Collected data entries
########
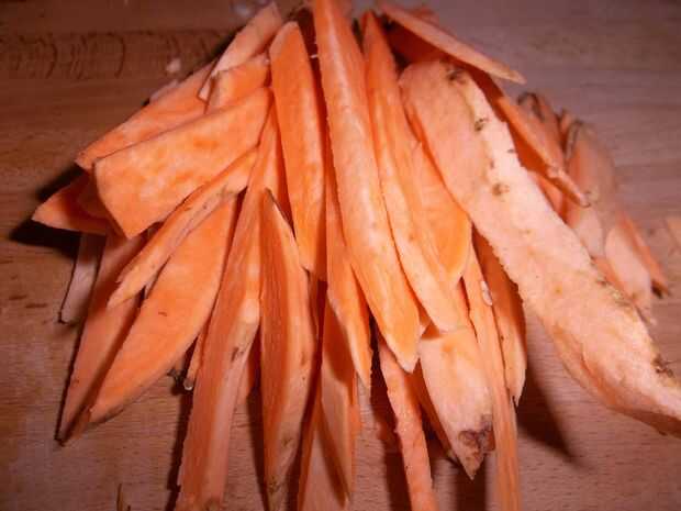 • 2 batatas medianas, cortadas en bastones/palillos de tamaño mediano
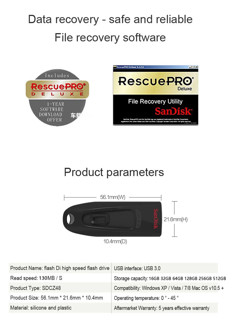 The SanDisk Ultra USB 3.0 Flash Drive combines faster data speeds and generous capacity in a compact, stylish package. Spend less time waiting and transfer files to the drive up to ten times faster than with a standard USB 2.0 drive.With storage capacities up to 256GB, the drive can accommodate your bulkiest media files and documents.
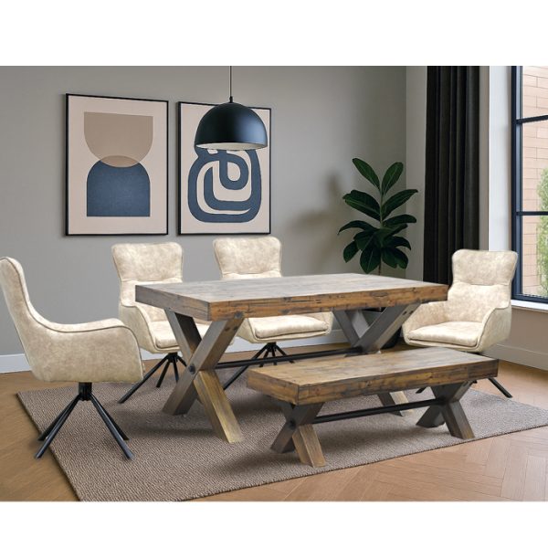 La Mesa Comedor y la Banca Timber Small elevan el arte del estilo rústico y moderno. Es una solución elegante y práctica para cenas familiares y reuniones. El perfil de casa de campo de líneas limpias está embellecido con un especial acabado y una parte superior con efecto de tablones para agregar encanto. Añadirá una asombrosa estética moderna a cualquier área del hogar. Su estilo versátil la hace perfecta para la cocina, el salón, el dormitorio, la casa de campo, o la terraza. Se convertirá en un complemento práctico y estético para su espacio.
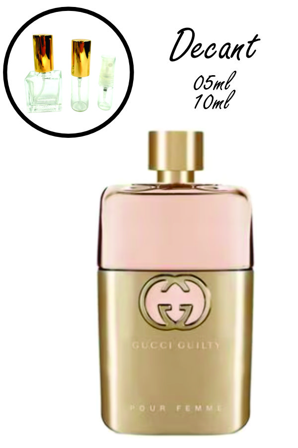 Descubra o charme envolvente de Gucci Guilty Pour Femme, uma fragrância sofisticada, feminina e cheia de personalidade. Moderna e sedutora na medida certa, ela traduz a mulher confiante que gosta de deixar sua marca com elegância. Agora disponÃvel em nossos decants exclusivos de 2ml, 5ml e 10ml — perfeitos para te acompanhar em todos os momentos.
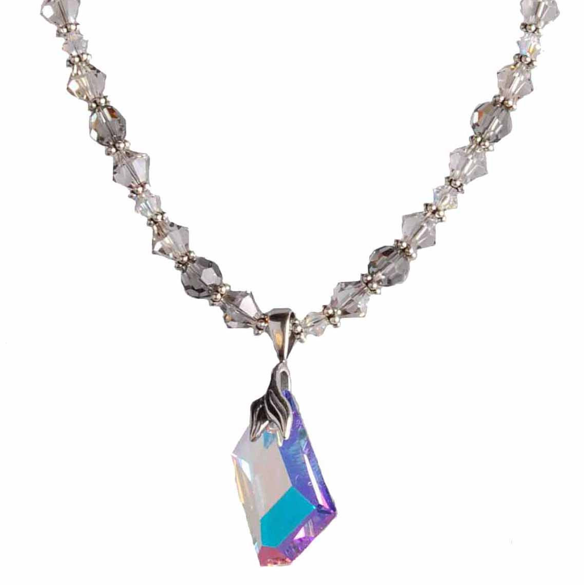 Swarovski crystals in Silver Shade, Black Diamond & Crystal (Clear) with Sterling Silver accents adorned with a Swarovski De-Art pendant in Crystal (Clear). Adjustable 16"-19" with 1" drop.
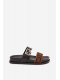 Černé pantofle se zlatou přezkou krásně doplní outfity s neutrálními i výraznými barvami — zkombinujte je s béžovými kalhotami, džínami nebo jednoduchými šaty pro sofistikovaný look.
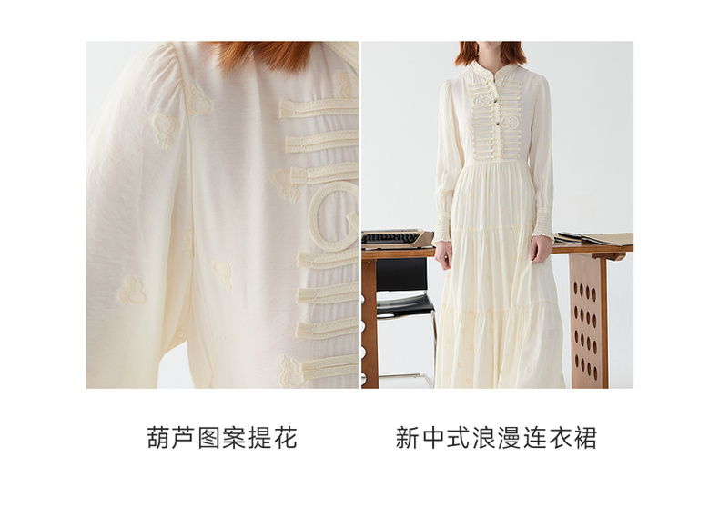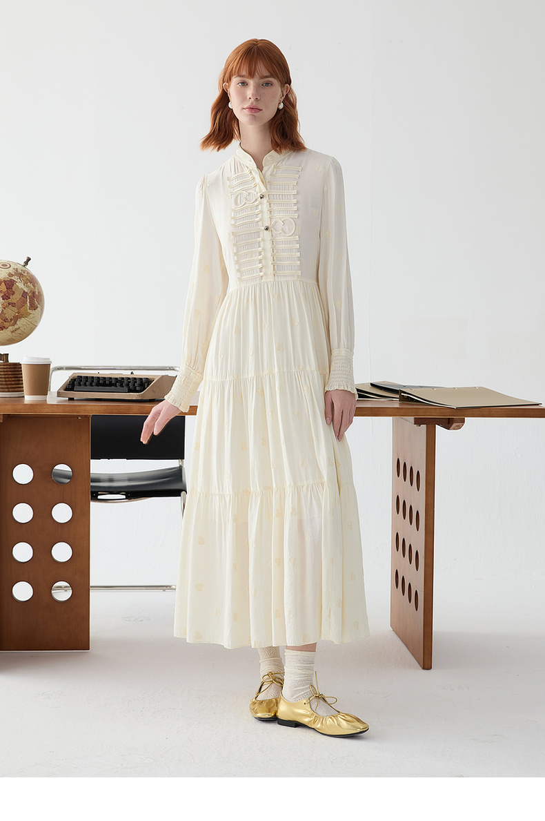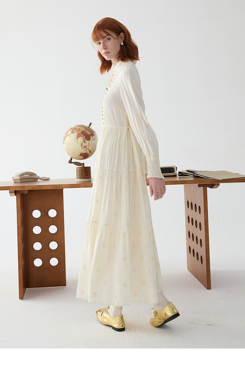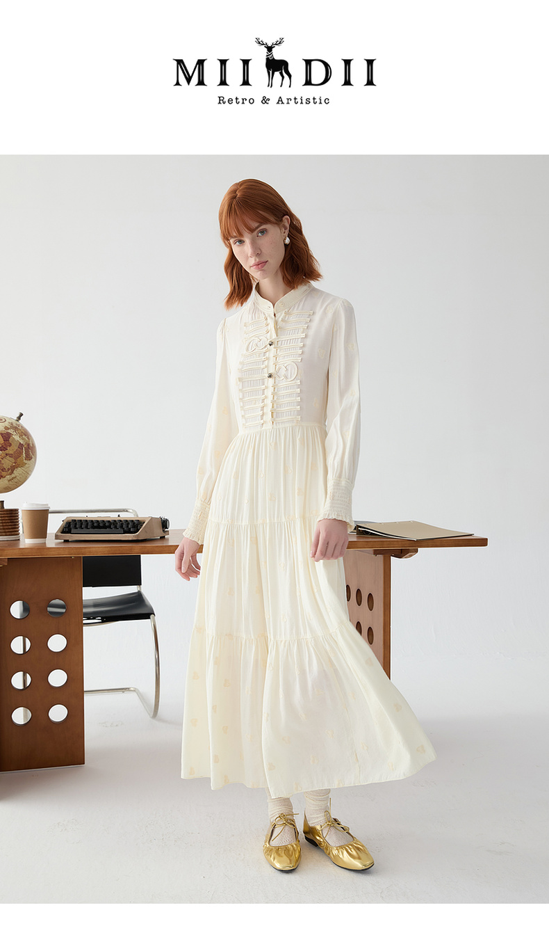 谜底提花连衣裙长袖2025春季新品复古风浪漫盘扣X型长裙251ML0099
########
### Problem description
The copy starts at the line holding "Černé pantofle se" and ends at the last line of the records above. Transcribe those lines exactly, pictures excluded.

### Solution for this exercise
 Černé pantofle se zlatou přezkou krásně doplní outfity s neutrálními i výraznými barvami — zkombinujte je s béžovými kalhotami, džínami nebo jednoduchými šaty pro sofistikovaný look.
 谜底提花连衣裙长袖2025春季新品复古风浪漫盘扣X型长裙251ML0099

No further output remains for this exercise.